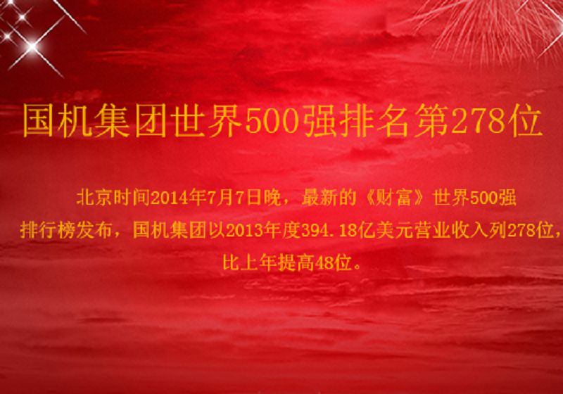 【概要描述】 【概要描述】北京时间7月7日晚,《财富》杂志面向全球同步发布了2014年世界500强企业名单,国机集团以394.18亿美元的营业收入名列第278位,比上年提高48位。
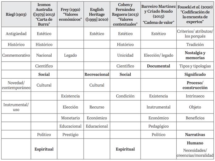 A modo de resumen introductorio, incluimos bajo estas líneas una tabla cronológica que incluye algunos de los valores-categorías e inspirada por Marta de la Torre (2013) (tabla 1). Estos valores se han elegido por su relevancia, a manera de síntesis; la última propuesta considerada es la reciente publicación del equipo del proyecto “La red de los valores del patrimonio”1 (Fouseki et al. 2020). Esta se basa en los resultados codificados de una encuesta reciente en la que se pidió a los expertos que aportaran su propia definición de valores patrimoniales; los conceptos más utilizados fueron significado, criterios y proceso, lo que denota una progresión hacia tipologías que se pueden definir como más dinámicas y que analizaremos más adelante en este trabajo.
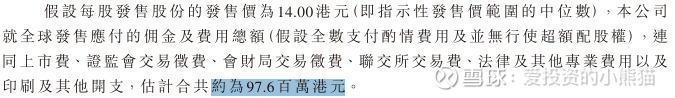 然后这个票招股书上按发售价的中位数14.00港元计算,公开的上市所有开支总额约为9760万港元,募资额约15.07亿港元,占比约6.48%,开支相比募资额算是比较少了。
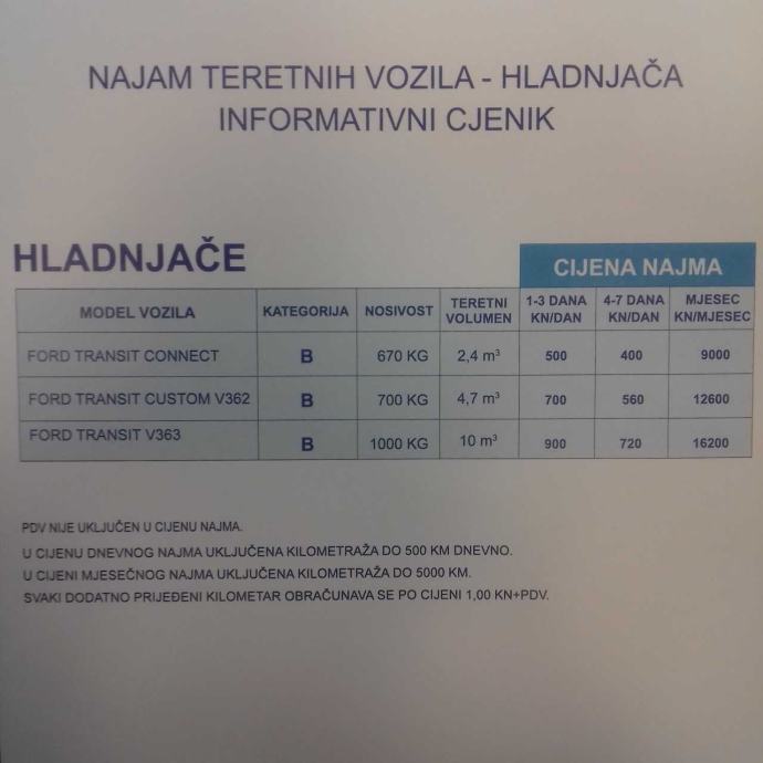 SVAKI DODATNI KILOMETAR OBRAČUNAVA SE PO CIJENI OD 1,00 kn +PDV
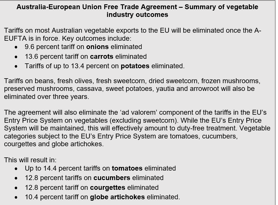 Under the agreement, tariffs on Australian onions, carrots and potatoes exported to the EU will be eliminated, while tariffs on Australian beans and fresh sweetcorn will be phased out over three years.
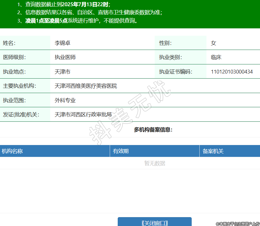 姓名:李錦卓性別:女醫(yī)師級(jí)別:執(zhí)業(yè)醫(yī)師執(zhí)業(yè)類別:臨床執(zhí)業(yè)地點(diǎn):天津市執(zhí)業(yè)證書(shū)編碼:110120103000434主要執(zhí)業(yè)機(jī)構(gòu):天津河西維美醫(yī)療美容醫(yī)院執(zhí)業(yè)范圍:外科專業(yè)發(fā)證(批準(zhǔn))機(jī)關(guān):天津市河西區(qū)行政審批局 -
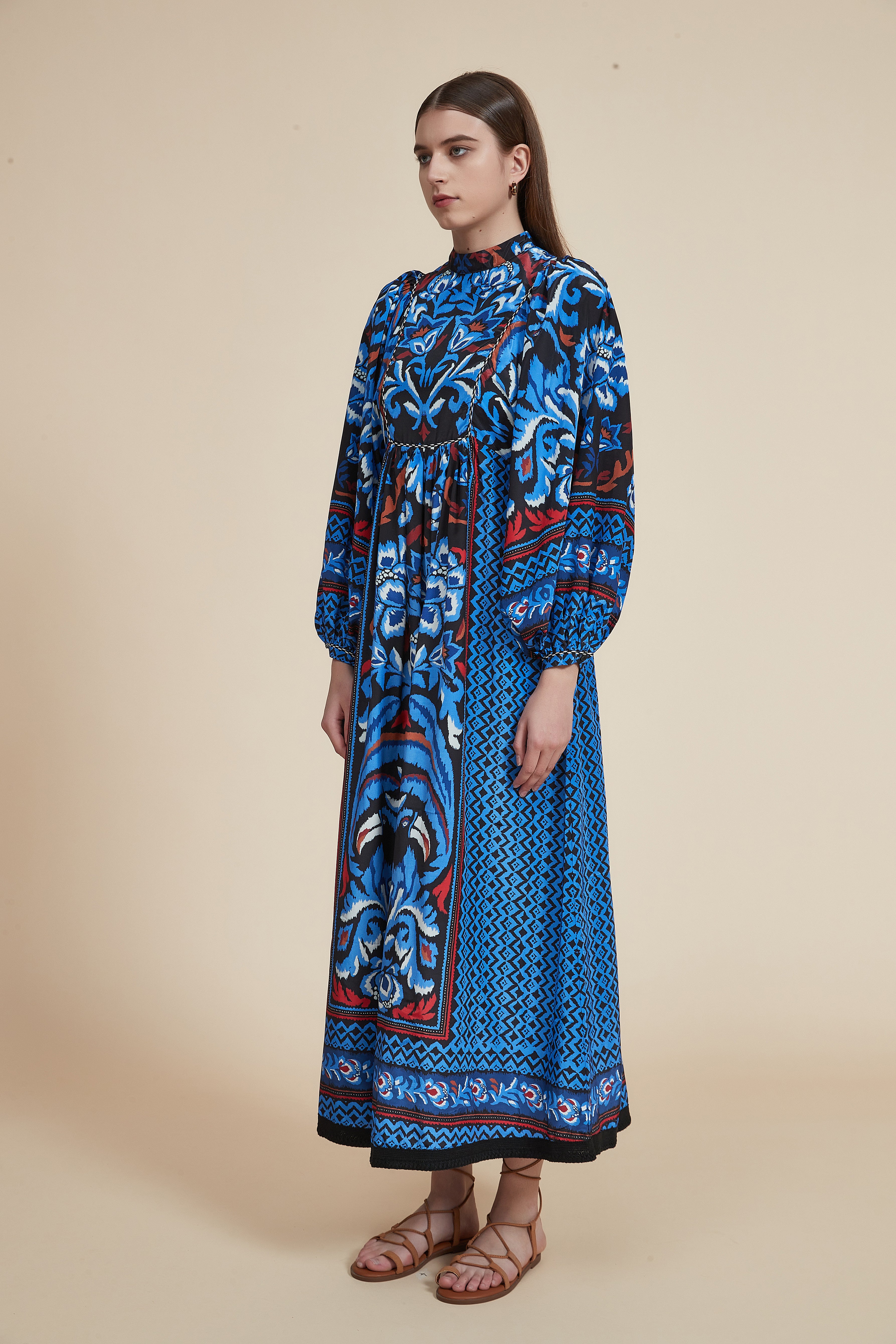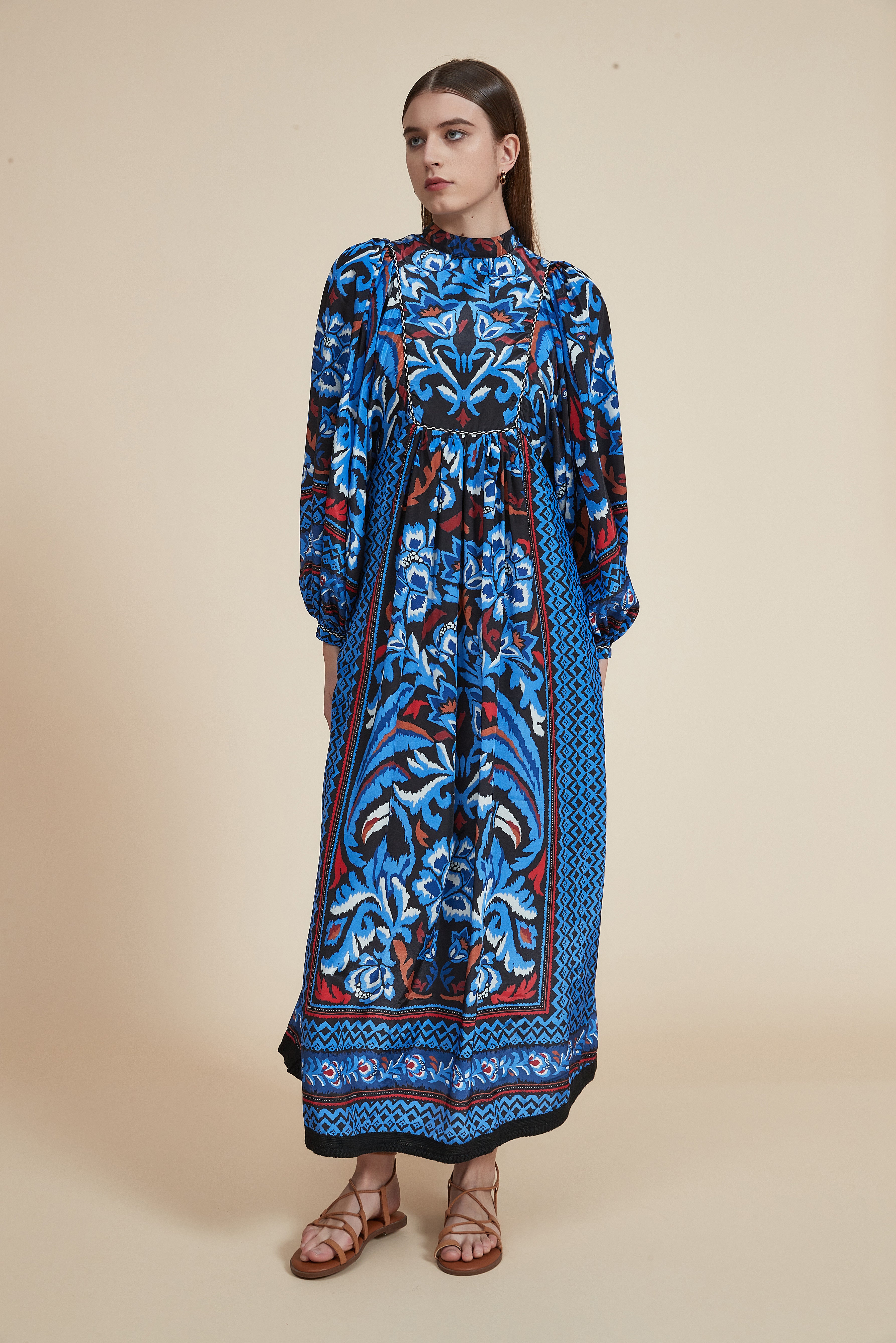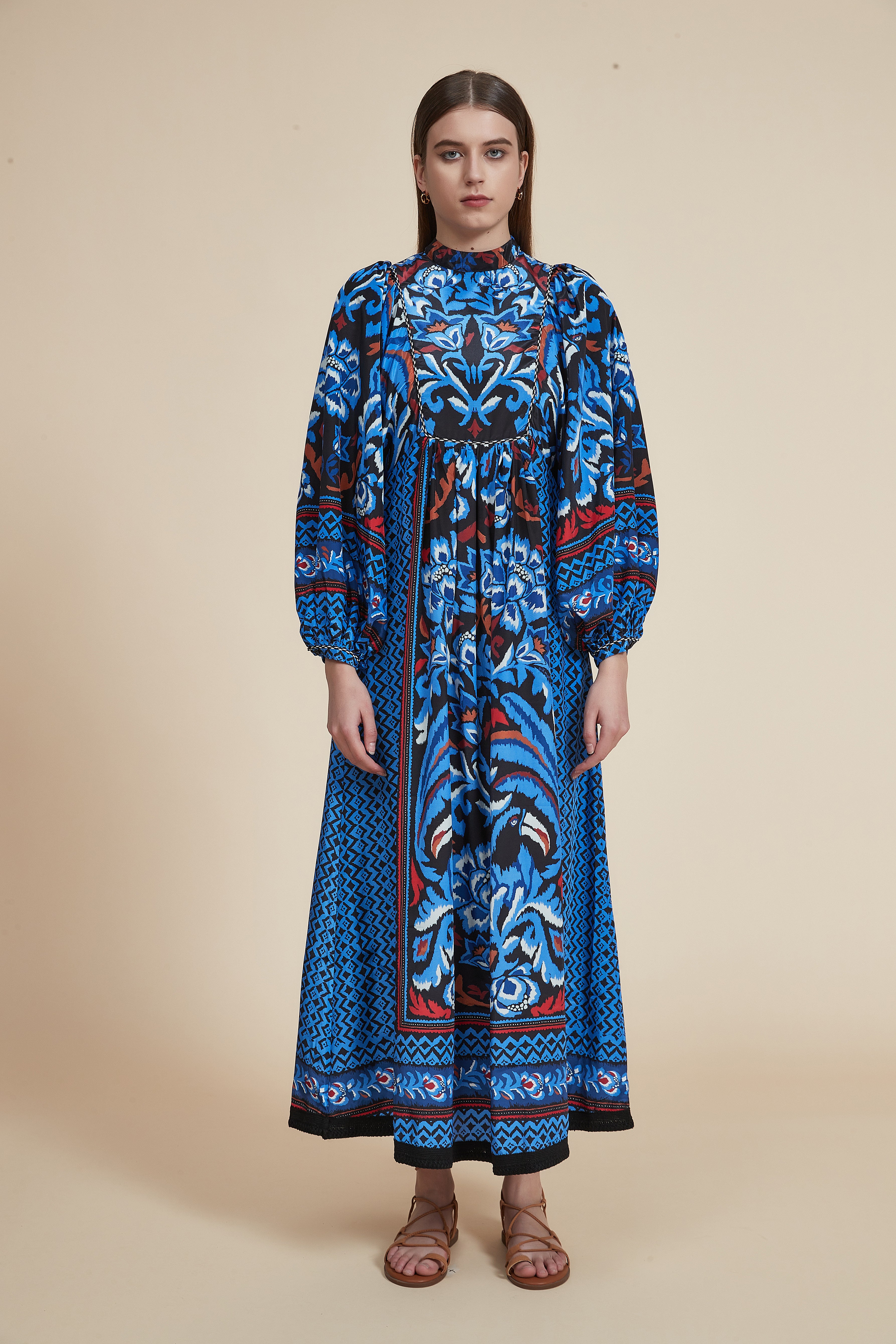 لو تبحثين عن فستان يجمع بين الأناقة والراحة اليومية، هذا الفستان ماكسي بقصة A هو خيار رائع. الخامة بسمك متوسط وبدون بطانة، تمنحك إحساس خفيف مناسب لكل المواسم. النقشة المتعددة الألوان على أساس أزرق تضيف لمسة حيوية، والياقة العالية مع الكم الطويل تعطي مظهرًا مواكبًا للموضة وفيه طابع محتشم. قصة عادية تجعل القطعة سهلة الارتداء يوميًا، مع تصميم بدون جيوب وبدون حزام للحفاظ على انسيابية الخطوط. مثالي للخروجات الكاجوال، ستحبين كيف يتحرك معك عند المشي، ويمكن تحويله بمجوهرات بسيطة لموعد مسائي هادئ. اعثري على مقاسك في فاشن السعودية وأضيفي هذه القطعة المتنوعة إلى خزانة ملابسك اليوم.

- _Brief_
Look above for the line with "然后这个票招股书上按发售价的" and the line with "Under the agreement, tariffs", then restate exactly those two lines and all lines between them, with no pictures.

- _Written answer_
 然后这个票招股书上按发售价的中位数14.00港元计算,公开的上市所有开支总额约为9760万港元,募资额约15.07亿港元,占比约6.48%,开支相比募资额算是比较少了。
 SVAKI DODATNI KILOMETAR OBRAČUNAVA SE PO CIJENI OD 1,00 kn +PDV
 Under the agreement, tariffs on Australian onions, carrots and potatoes exported to the EU will be eliminated, while tariffs on Australian beans and fresh sweetcorn will be phased out over three years.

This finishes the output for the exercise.